Я опустил взгляд, коря себя, а Аннамария словно и не заметила этого обращения, и, глядя впереди себя, ответила:

–Сказками.

В салоне повисло молчание, которое прервал водитель.

–Убогая Россия, – с унынием сказал он, ссутулившись за рулём.

Аннамария бросила на него задумчивый взгляд своих полу прищуренных глаз, и на её лице блеснуло что-то зловещее.

Все мы сразу отвлеклись от разглядывания дороги в окно, глядя на неё. Она поджала губы, не сводя глаз с водителя. В машине откуда-то дуло, и неприятный ветер трепал её аккуратные локоны, оттого казалось иногда, что в глазах её полыхают огоньки.

–Вы только посмотрите, – сказал иностранец, глядя на старика, бредущего в деревню и тащившего за собой огромную самодельную коляску, – Весь грязный, в оборванной одежде, а какая измождённая плоть! Какой запах идёт от их деревни, буквально смрад…

Безразличные глаза Аннамарии переместились с водителя на иностранного офицера, продолжавшего выражать своё презрение.

–Их умы черны и чудовищны…

–А от тебя прёт мочой и потом, – спокойно сказала она.

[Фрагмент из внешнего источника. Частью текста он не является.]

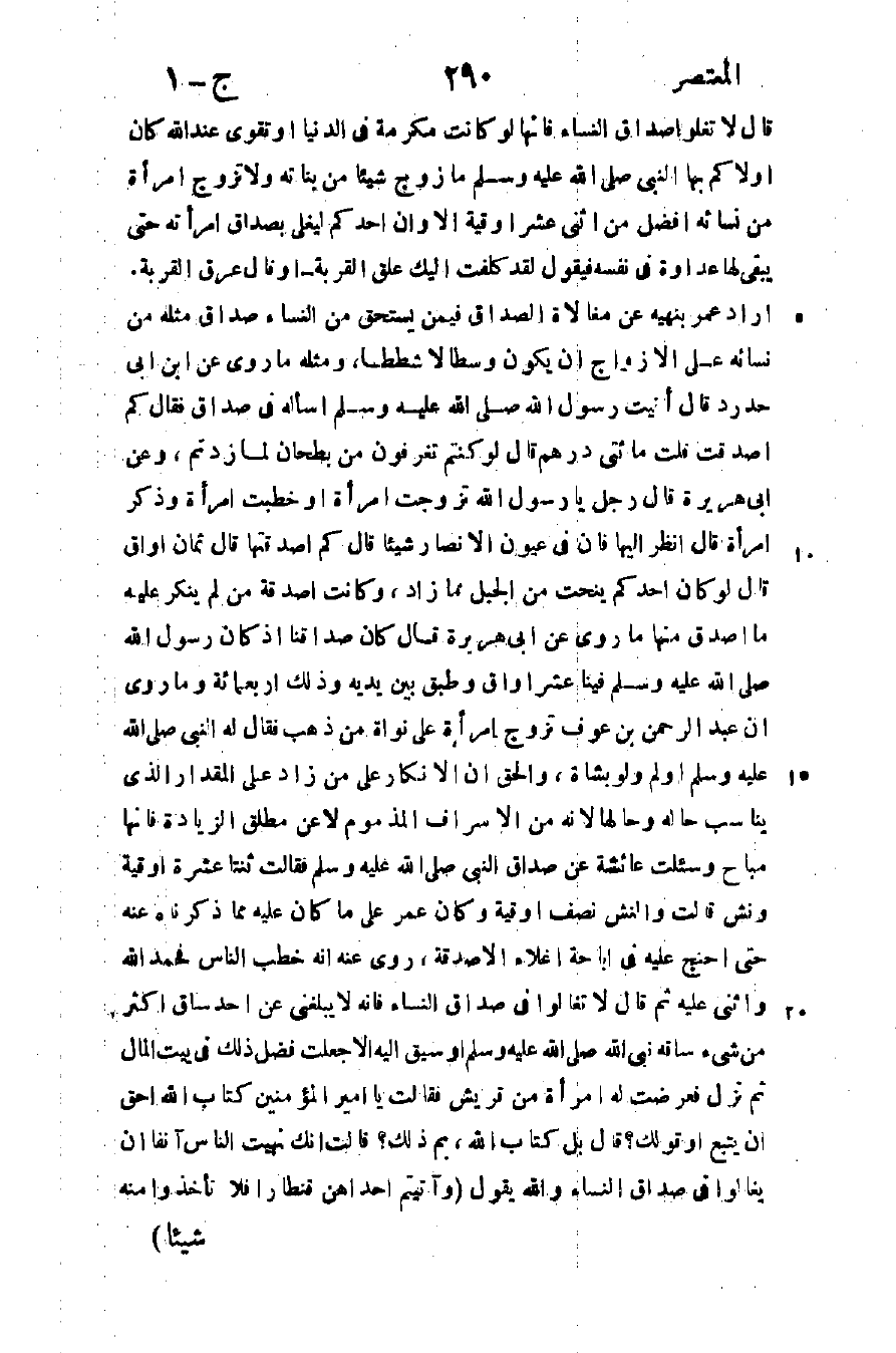 قال: "لا تغلوا صداق النساء فإنها لو كانت مكرمة في الدنيا أو تقوى عند الله كان أولاكم بها النبي صلى الله عليه وسلم ما زوج شيئا من بناته ولا تزوج امرأة من نسائه أفضل من اثنى عشر أوقية إلا وإن أحدكم ليغلى بصداق امرأته حتى يبقى لها عداوة في نفسه فيقول: لقد كلفت إليك علق القربة" أو قال عرق القربة أراد عمر بنهيه عن مغالاة الصداق فيمن يستحق من النساء صداق مثله من نسائه على الأزواج أن يكون وسطا لا شططا ومثله ما روي عن ابن أبي حد رد قال أتيت رسول الله صلى الله عليه وسلم أسأله في صداق فقال: "كم أصدقت" فلت مائتي درهم قال: "لو كنتم تغرفون من بطحان لمازدتم" وعن أبي هريرة قال رجل يا رسول الله تزوجت امرأة أو خطبت امرأة وذلك امرأة قال: "انظر إليها فإن في عيون الأنصار شيئا" قال: "كم أصدقتها" قال ثمان أواق قال: "لو كان أحدكم ينحت من الجبل ما زاد" وكانت أصدقة من لم ينكر عليه ما أصدق منها ما روى عن أبي هريرة قال كان صداقنا إذ كان رسول الله صلى الله عليه وسلم فينا عشر أواق وطبق بين يديه وذلك أربعمائة وما روى أن عبد الرحمن بن عوف تزوج امرأة على نواة من ذهب فقال له النبي صلى الله عليه وسلم: "أو لم ولو بشاة" والحق إن الإنكار على من زاد على المقدار الذي يناسب حاله وحالها لأنه من الإسراف المذموم لا عن مطلق الزيادة فإنها مباح وسئلت عائشة عن صداق النبي صلى الله عيه وسلم فقالت: ثنتا عشرة أوقية ونش قالت: والنش نصف أوقية وكان عمر على ما كان عليه مما ذكرناه عنه حتى احتج عليه في إباحة إغلاء إلا صدقة روي عنه أنه خطب الناس فحمد الله واثنى عليه ثم قال: لا تغالوا في صداق النساء فإنه لا يبلغني عن أحد ساق أكثر من شيء ساقه نبي الله صلى اله عيه وسلم أو سيق إليه إلا جعل فضل ذلك في بيت المال ثم نزل فعرضت له امرأة من قريش فقالت: يا أمير المؤمنين كتاب الله أحق أن يتبع أو قولك قال: بل كتاب الله بم ذلك قالت: أنك نهيت الناس آنفا أن يغالوا في صداق النساء والله يقول: {وَآتَيْتُمْ إِحْدَاهُنَّ قِنْطَاراً فَلا تَأْخُذُوا مِنْهُ

Я косо взглянул на побледневшего офицера, который вмиг умолк и непонимающе смотрел на женщину. Он подпрыгнул на кочке, а дальше дорога пошла ровной и аккуратной, несмотря на то, что её должно было прилично размыть. Аннамария откинулась на сиденье, голова её чуть наклонилась в бок. Она то прикрывала глаза, то медленно открывала их с выражением лица, которого я никогда у неё не видел. А точнее, оно совсем потеряло своё выражение – это было не безразличие, а что-то среднее между задумчивостью, грустью и далеко-далеко витающими мыслями, словно её здесь нет. Оттого её серые глаза показались мне ещё более пустыми и бездушными, чем прежде – слишком неестественны для неё были какие-либо чувства. Настолько, что я даже запомнил этот момент – такого на моей памяти ещё не было. На миг мне показалось, что она ожила изнутри.

От созерцания этого непонятного мне создания меня отвлёк шум, доносившийся впереди. Вытянув шею, я увидел, что мы подъехали к огромной толпе людей, которые то вскрикивали, то с упоением, как заворожённые, слушали что-то.

Водитель остановил машину, и все мы, кроме водителя, поспешно вышли. Офицеры поморщили носы, отчего стали ещё более отвратительны на вид, а лицо Аннамарии на секунду вновь отразило странные эмоции.

Теперь, когда мы вышли из салона машины, я мог увидеть гораздо больше. Эти люди были немецкими солдатами, и смотрели они на небольшую деревянную сцену.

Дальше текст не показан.